21.1.1 Any notice or other communication including, but not limited to, any request, demand, consent or approval, to or by a party to the Agreement:
(a) must be in legible writing and in English addressed in accordance with the recitals or as specified to the sender by any party by notice;
(b) where the sender is a company, must be signed by an officer or under the common seal of the sender;
(c) is regarded as being given by the sender and received by the addressee:
(i) if by delivery in person, when delivered to the addressee;
(ii) if by post, on delivery to the addressee;
(iii) if by electronic mail, when received by the addressee; or
(iv) if by facsimile transmission to the facsimile number specified at the commencement of this Agreement or such other number as may be notified to the Company, whether or not legibly received, when received by the addressee, but if the delivery or receipt is on a day which is not a Business Day or is after 4.00 pm (addressee’s time) it is regarded as received at 9.00 am on the following Business Day; and
(d) can be relied upon by the addressee and the addressee is not liable to any other person for any consequences of that reliance if the addressee believes it to be genuine, correct and authorised by the sender.

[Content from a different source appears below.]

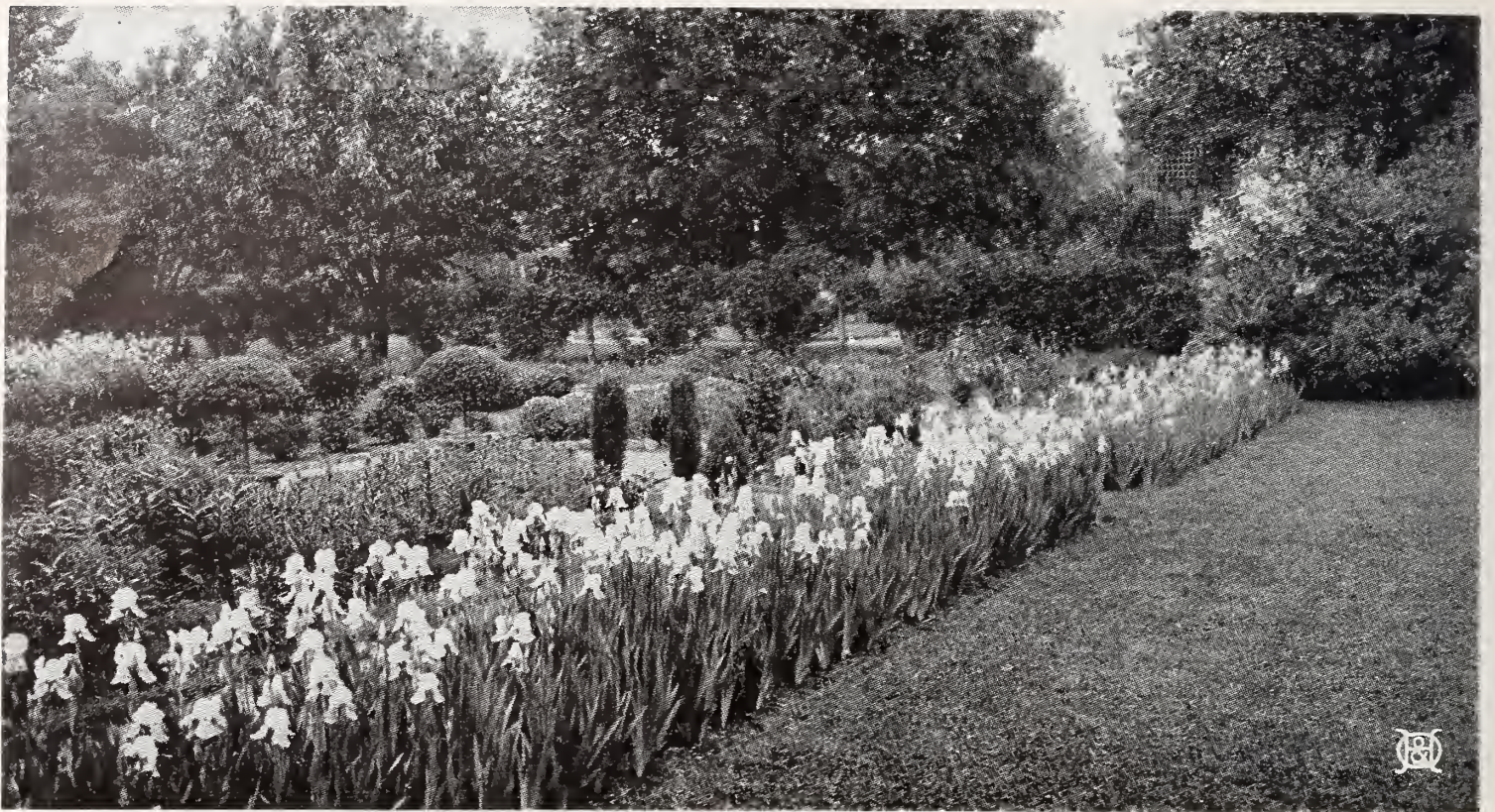
The garden Iris rivals the orchid in dainty coloring and markings

21.1.2 A facsimile transmission is regarded as legible unless the addressee telephones the sender within 2 hours after transmission is received or regarded as received under error and informs the sender that it is not legible.
21.1.3 In this clause, a reference to an addressee includes a reference to an addressee’s officers, agents or employees.
21.2 Governing law and jurisdiction
21.2.1 The Agreement is governed by the laws of Victoria.
21.2.2 Each of the parties irrevocably submits to the non-exclusive jurisdiction of the courts of Victoria.
21.3.1 The Licensee may not assign, transfer or in any other manner deal with its rights under the Agreement without the prior written approval of the Company;
21.3.2 The Company may assign its rights under the Agreement provided it first notifies the Licensee.
21.4 Prohibition and enforceability
21.4.1 Any provision of, or the application of any provision of, the Agreement or any power which is prohibited in any jurisdiction is, in that jurisdiction, ineffective only to the extent of that prohibition.
21.4.2 Any provision of, or the application of any provision of, the Agreement which is void, illegal or unenforceable in any jurisdiction does not affect the validity, legality or enforceability of that provision in any other jurisdiction or of the remaining provisions in that or any other jurisdiction.
Waiver of any right arising from a breach of the Agreement or of any power arising upon default under the Agreement must be in writing and signed by the party granting the waiver.
21.6 Entire agreement
The Agreement incorporates the entire understanding of the Company and the Licensee and supersedes all previous arrangements and understandings, written and oral, between them in relation to the same.
21.7 Costs and outlays
21.7.1 Each party must pay its own costs and outlays connected with the preparation and execution of the Agreement.
21.7.2 The Licensee must, when due or earlier, pay all stamp duty and other government duties and imposts payable from time to time in connection with the Agreement and all other documents and matters referred to in the Agreement.